The buffer spring 8 is enclosed in the drive shaft 4 in the closing space between the upper yoke 51 and the insulating boot 1, and lower insulating boot 41 is supported in its upper end, and a packing ring 81 is supported in its lower end, and the lower end of the packing ring 81 is spacing by a jump ring 82.Packing ring 81 can reduce the stress of jump ring 82, prevent it from coming off.

The sleeve 7 is sleeved on outside the static iron core 5 and dynamic iron core 6, is welded at its upper end open with upper yoke 51.

The coil (not shown) is arranged on outside the sleeve 7 of the lower section of upper yoke 51.

Because above-mentioned upper yoke 51, static iron core 5, dynamic iron core 6, sleeve 7 and drive shaft 4 are metal material, above-mentioned part is electrically connected, and for convenience of describing, is called core metal part.

It is an object of the invention to set to judge the supplementary structure whether relay is actually turned in relay.

Above-mentioned relay includes auxiliary detection structure.As shown in Fig. 1-Figure 12, the auxiliary detection structure includes two auxiliary terminals, the first electroconductive elastic sheet 14 and the second electroconductive elastic sheet 15, and two auxiliary terminals are designated as the first auxiliary terminal L1 and the second auxiliary terminal L2 in the present embodiment.

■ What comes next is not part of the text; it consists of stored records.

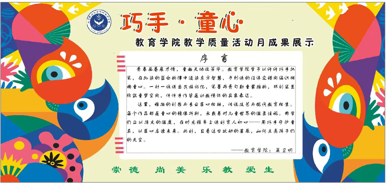 此次“巧手.童心” 教学质量活动月成果展示,是学院深化教学改革、提升人才培养质量的重要举措。未来,学院将继续秉持 “提质强师 弘技强生” 的理念,不断创新教学模式,加强实践教学环节,为培养更多优秀的教育人才而不懈努力。
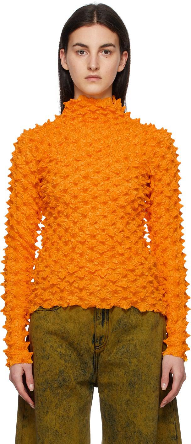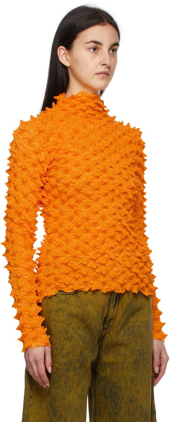 Long sleeve stretch cotton jersey T-shirt in yellow. Structured spike pattern throughout. Crewneck collar. Supplier color: Yellow 100% cotton. Brand: Marques Almeida
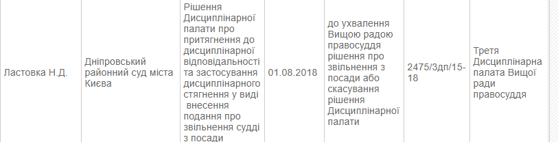 А через две недели, 1 августа, Третья дисциплинарная палата Высшего совета правосудия огласила свой вердикт в другой скандальной истории Ластовки. Судья была привлечена к дисциплинарной ответственности, а в качестве взыскания было внесено представление об увольнении ее с должности.
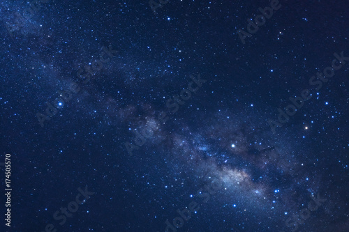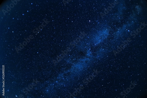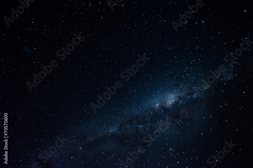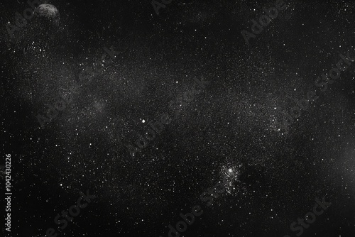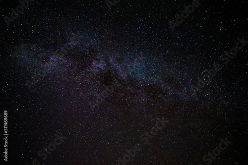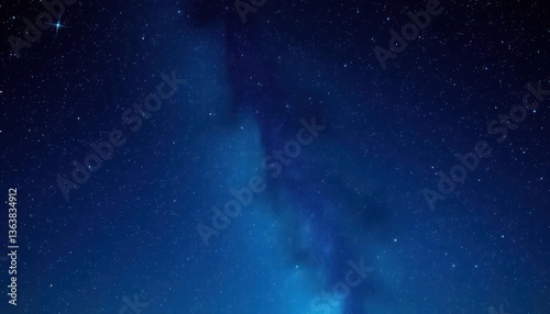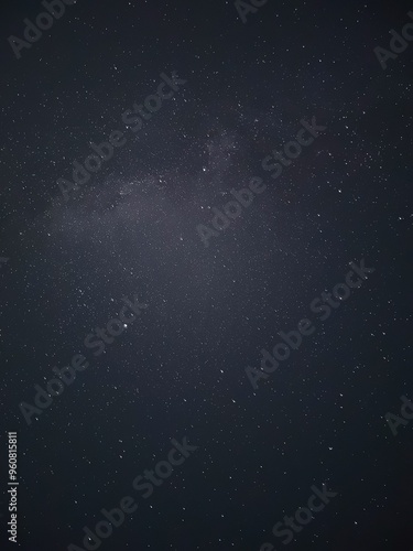 Bezchmurne niebo nocą. Nieboskłon pokrywają niezliczone gwiazdy, w centrum kadru widać jaśniejącą mgławicę. #647577741

Wherein, the first auxiliary terminal L1 and the second auxiliary terminal L2 may be contained within insulating boot 1, for example, be arranged at the top of insulating boot 1.Specifically, simultaneously the first auxiliary terminal L1 and the second auxiliary terminal L2 is at the top of insulating boot 1, the first auxiliary terminal L1 and the second auxiliary terminal L2 lower end are all extended in insulating boot 1.

Specifically, two auxiliary terminal holes through the top of insulating boot 1 can be set at the top of insulating boot 1.In theory, auxiliary terminal hole can be arranged on optional position on insulating boot 1, only need to realize that it is electrically connected with conductive layer 14.

Specifically, the first auxiliary terminal L1 and the second auxiliary terminal L2 set-up mode have a variety of, only it need to ensure to be tightly connected between the first auxiliary terminal L1 and the second auxiliary terminal L2 and insulating boot 1.For example, the first auxiliary terminal L1 and the second auxiliary terminal L2 are mounted in the auxiliary terminal hole by sealant sealing.Or, the inwall in auxiliary terminal hole is formed with metal layer.The first auxiliary terminal L1 and the second auxiliary terminal L2 distinguishes sealing welding in described two auxiliary terminal holes.

Above-mentioned first auxiliary terminal L1 and the second auxiliary terminal L2 is without especially limiting its shape or structure, as long as it can be adapted to be connected with external auxiliary detection line road.

On the first auxiliary terminal L1 and the second auxiliary terminal L2 material, it is not specially limited, typically good by electric conductivity, the relatively low metal of hardness is made.

Such as, the first auxiliary terminal L1 and the second auxiliary terminal L2 material are the metals such as copper, stainless steel, aluminium, copper alloy, iron, nickel.In this example, the first auxiliary terminal L1 and the second auxiliary terminal L2 material are copper.That is the first auxiliary terminal L1 and the second auxiliary terminal L2 is that the copper conductor (or copper core) that copper is made is processed.The diameter of copper conductor can be adjusted according to actual conditions, for example, can be 0.5-2mm.

On the first auxiliary terminal L1 and the second auxiliary terminal L2 sealing mounting means, be not particularly limited, as it was previously stated, can using glue envelope or soldering by the way of etc..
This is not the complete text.